Утром я проснулся, щурясь, комната залита светом, как будто над Зорром засияло два или три солнца. За окном свист, треск, а когда выглянул, обомлел: черные проталины, где вчера был снег, пригорки похожи на зеленые щетки: начинает вылезать жесткая торопливая трава.
От земли валит пар, впадинкам тепла досталось меньше, там травы еще нет, блестят грязные льдинки, но истаивают буквально на глазах. Птицы подняли неистовый щебет, стараются перекричать друг друга. Вдоль подоконника пробежал крупный муравей, посмотрел в мою сторону внимательно, сяжки двигаются, старается понять, перепадет ли сегодня от меня угощение или придется искать и тащить перезимовавших мух, жуков, куколок, очень худых и жестких, иссохших, будто тоже старались попасть в святые и до неприличия морили себя голодом.

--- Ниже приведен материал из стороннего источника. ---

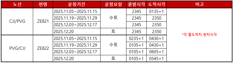 [스케줄 오픈] W25 CJJ-PVG v.v 노선 오픈 안내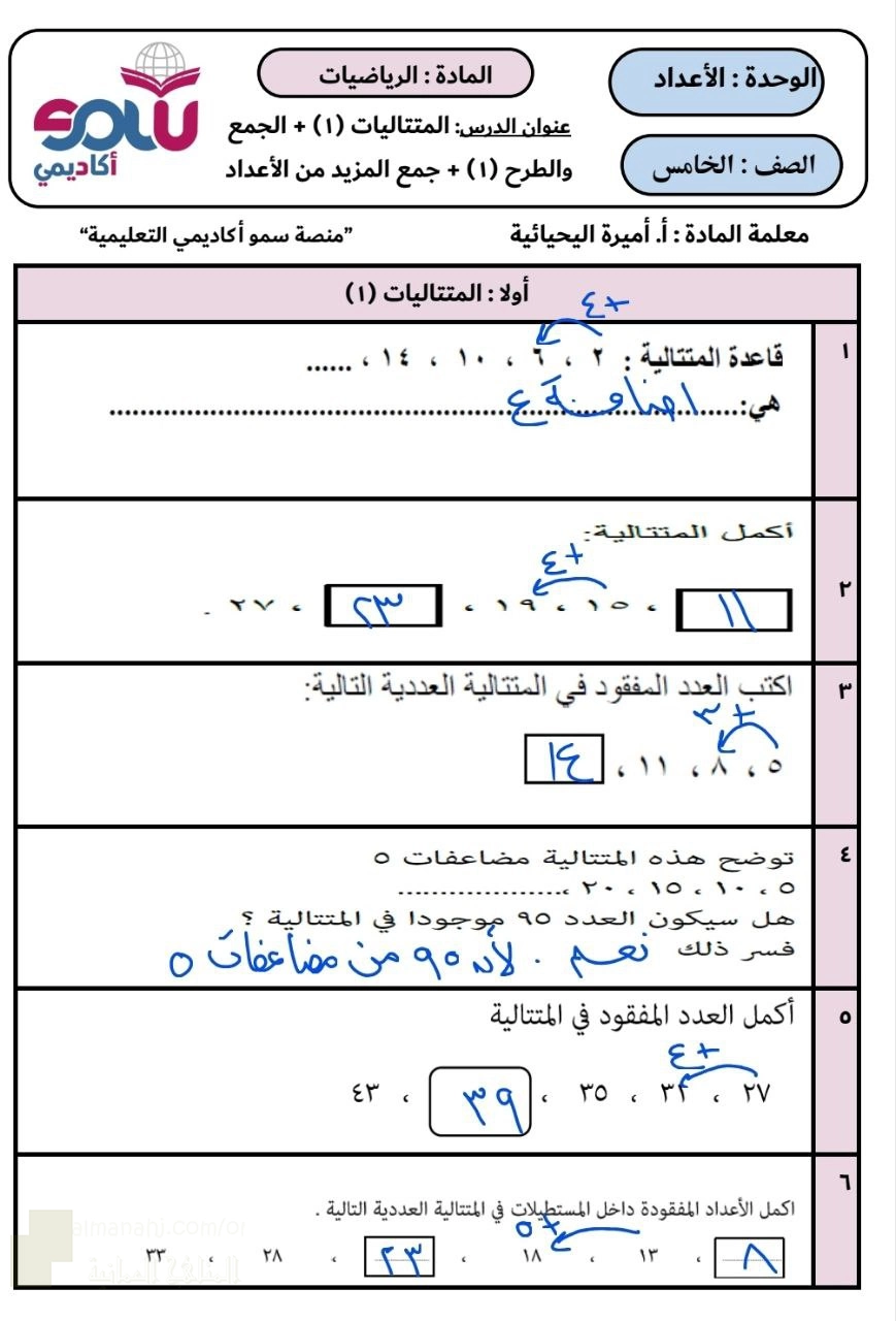 7. الصف الخامس, رياضيات, كراسة و مذكرة الرياضيات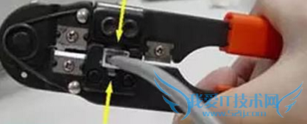 将水晶头放入压线钳的压头槽内,准备最后的压实。双手紧握压线钳的手柄,用力压紧

– Ого, – сказал я невольно по своему адресу. – Ни фига себе спун! Ну не жаворонок я, не жаворонок! Я вообще-то еще тот гусь…

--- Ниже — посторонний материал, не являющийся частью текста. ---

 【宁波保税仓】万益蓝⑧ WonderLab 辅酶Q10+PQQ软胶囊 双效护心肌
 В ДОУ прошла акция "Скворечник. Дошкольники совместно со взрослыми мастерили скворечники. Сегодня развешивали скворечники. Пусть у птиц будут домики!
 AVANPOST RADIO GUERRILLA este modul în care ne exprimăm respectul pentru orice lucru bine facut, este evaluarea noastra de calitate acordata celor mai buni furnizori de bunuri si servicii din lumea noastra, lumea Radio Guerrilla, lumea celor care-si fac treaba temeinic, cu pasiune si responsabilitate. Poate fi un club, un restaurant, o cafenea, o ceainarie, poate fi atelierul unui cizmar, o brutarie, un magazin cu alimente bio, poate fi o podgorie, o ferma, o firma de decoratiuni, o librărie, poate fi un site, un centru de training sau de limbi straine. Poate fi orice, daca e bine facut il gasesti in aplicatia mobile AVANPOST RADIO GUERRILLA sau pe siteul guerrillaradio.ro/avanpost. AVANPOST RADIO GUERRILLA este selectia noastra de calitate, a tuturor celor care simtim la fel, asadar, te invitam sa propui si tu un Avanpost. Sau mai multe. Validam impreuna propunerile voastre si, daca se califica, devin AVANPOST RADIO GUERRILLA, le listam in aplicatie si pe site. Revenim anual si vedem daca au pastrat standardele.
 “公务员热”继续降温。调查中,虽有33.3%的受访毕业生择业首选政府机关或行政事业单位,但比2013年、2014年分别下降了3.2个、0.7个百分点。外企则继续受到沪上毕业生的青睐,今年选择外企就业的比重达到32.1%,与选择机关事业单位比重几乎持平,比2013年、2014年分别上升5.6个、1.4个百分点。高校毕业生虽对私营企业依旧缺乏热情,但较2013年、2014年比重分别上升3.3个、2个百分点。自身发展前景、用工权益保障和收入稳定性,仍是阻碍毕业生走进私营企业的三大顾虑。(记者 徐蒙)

Сонный добрел до бадьи с водой в углу комнаты. Ударом кулака проломил тонкую корочку льда, плеснул в лицо, здесь так умываются и короли, если умываются, взвизгнул, не по мне это моржовство, поспешно оделся. В средневековье феодалам помогают одеваться слуги, но я хоть и в феодальстве, но пока еще не феодал, а так себе, подфеодальник, мужик с мечом и с доспехами, хотя и при золотых монетах, но ранг, ранг, ранг…
Когда спускался вниз, слуга почтительно доложил, что в прихожей дожидается сэр Сигизмунд. Я заглянул в приоткрытую дверь, Сиг сидит у дверей, прямой и правильный, красивый рослый юноша, белокурый, с нежным розовым лицом, на лице почтительное внимание.
Я приоткрыл дверь, Сигизмунд вздрогнул, увидел меня, вскочил, преисполненный почтительности. Я помахал рукой.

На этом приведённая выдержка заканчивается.